人間の感情を数値化する感情数値化手段、感情数値化手段からの信号に基づき人間が喜んでいることを判断する喜怒哀楽判定手段及び喜怒哀楽判定手段からの信号に基づき、尻尾を振る制御手段を有する犬の形状をした玩具。
考案の詳細な説明には、一定音量以上の音を検出すると尻尾を振るような手段を有する犬の形状をした玩具のみが記載されている。
「人間の感情を数値化する感情数値化手段」及び「感情数値化手段からの信号に基づき人間が喜んでいることを判断する喜怒哀楽判定手段」は、その文言どおりに認定すると、具体的なものが想定できないため十分な新規性、進歩性等の評価ができない。また、考案の詳細な説明の記載からは、一定音量以上の音を検出する手段以外のことを意味しているとも考えられない。

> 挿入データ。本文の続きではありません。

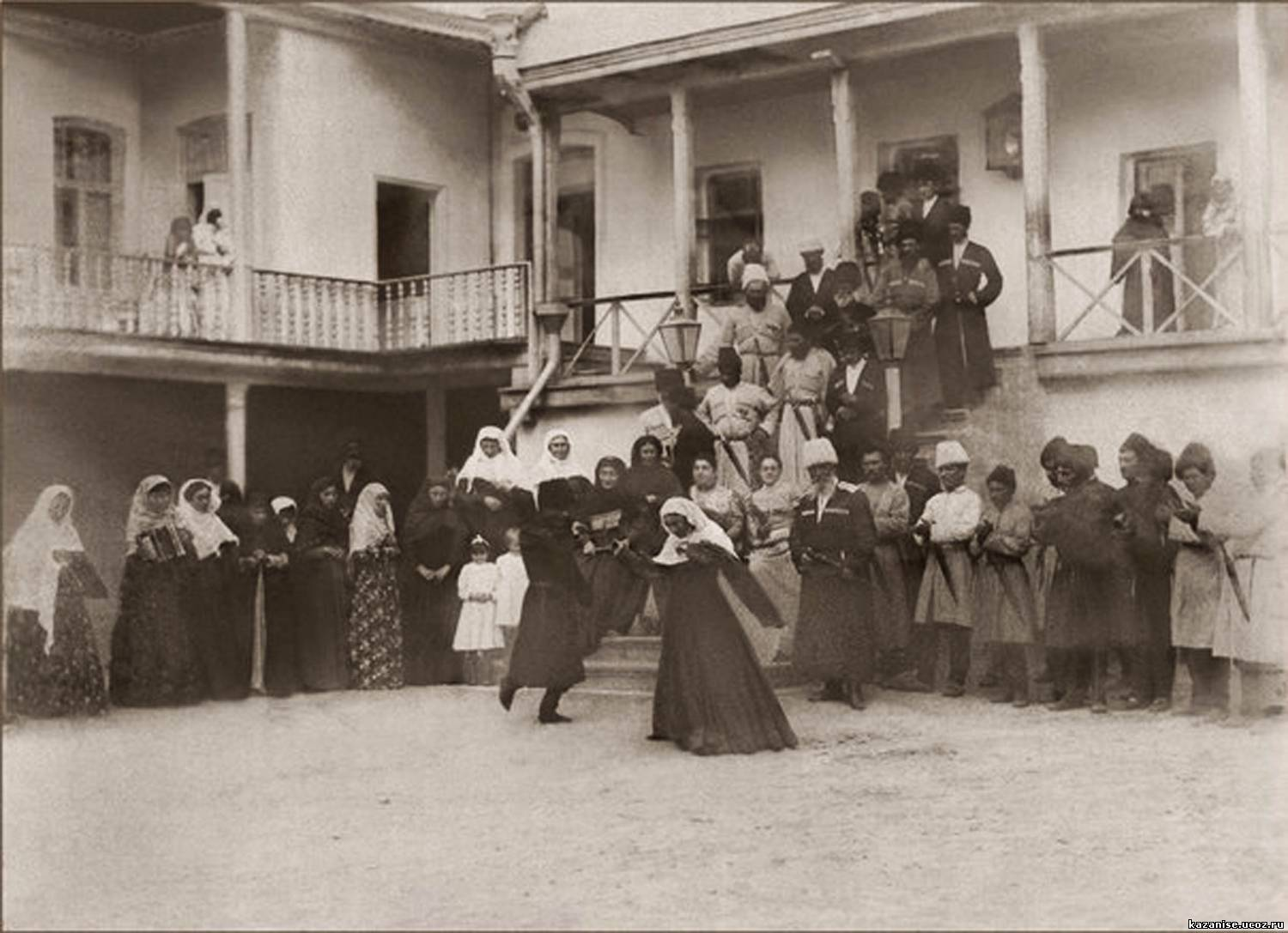 Daghestan. Dance the "Lezginka" Greater Kazanishchi.

したがって、「人間の感情を数値化する感情数値化手段」及び「感情数値化手段からの信号に基づき人間が喜んでいることを判断する喜怒哀楽判定手段」は、一定音量以上の音を検知する手段であるという前提で評価をする。
審査官は、評価書に、調査範囲(先行技術調査をした文献の範囲)、評価、引用文献等の表示及び評価についての説明を記載する。

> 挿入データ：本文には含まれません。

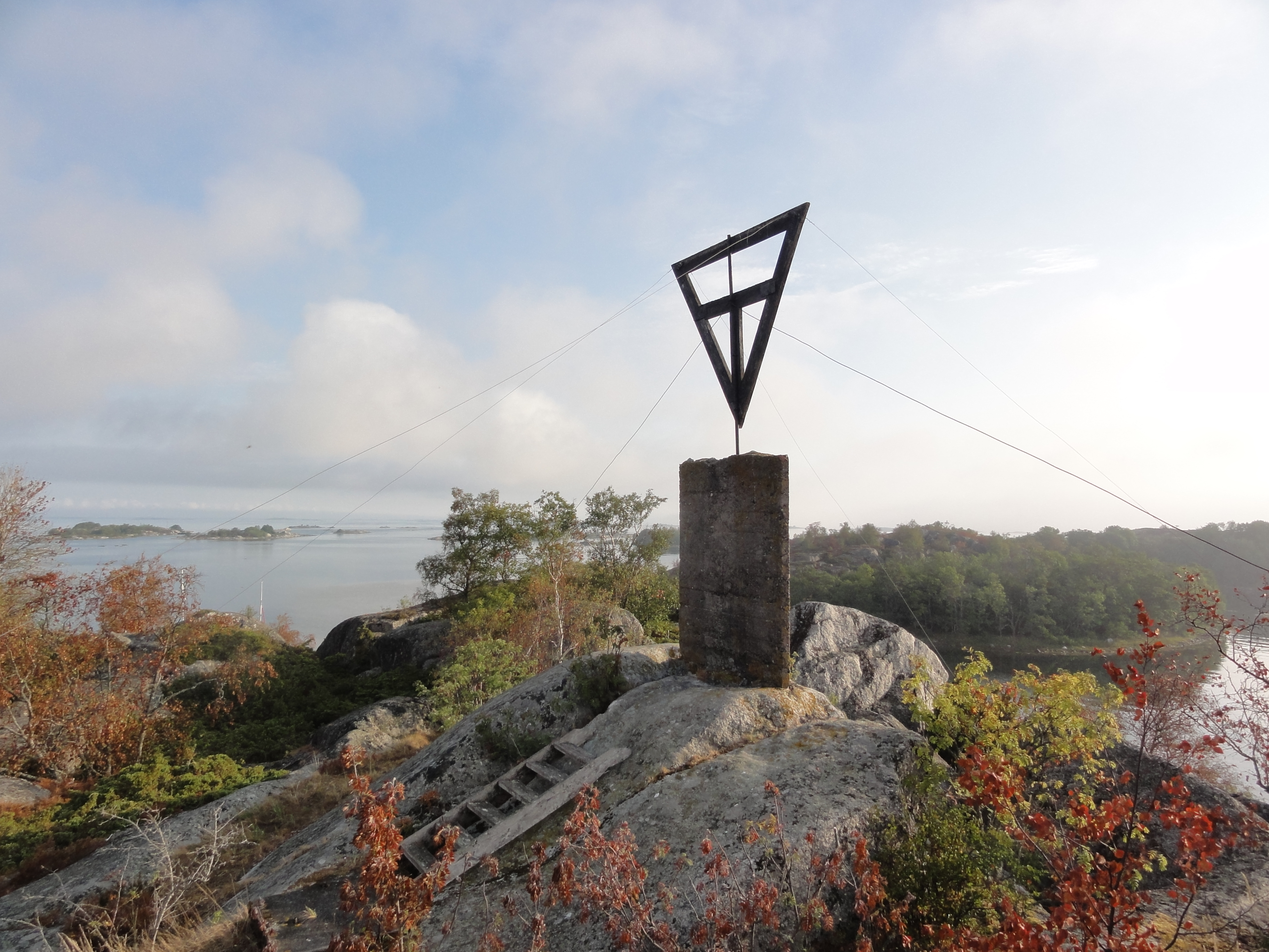 Mark at Storskär in Norrpada archipelago risen by Pelarorden

審査官は、新規性、進歩性等の評価を請求項ごとに示す。ただし、評価及び評価についての説明が共通する請求項について、まとめて記載することは問題ない。
審査官は、そのように評価した理由を請求人が理解できるように、評価についての説明を記載する(詳細については、以下の(1)から(5)までを参照。)。
2.の(ⅱ)に係る否定的評価の場合は、審査官は、引用文献から認定された考案に基づき、どのような論理付けで進歩性を有しないと判断したのかを記載する。
審査官は、請求項に係る考案の新規性、進歩性等を否定する先行技術文献等(先行技術文献、先願又は同日出願)を発見できなかった場合は、そのような先行技術文献等を発見できない旨の評価とともに、その考案の属する技術分野における一般的技術水準を示す文献を記載する。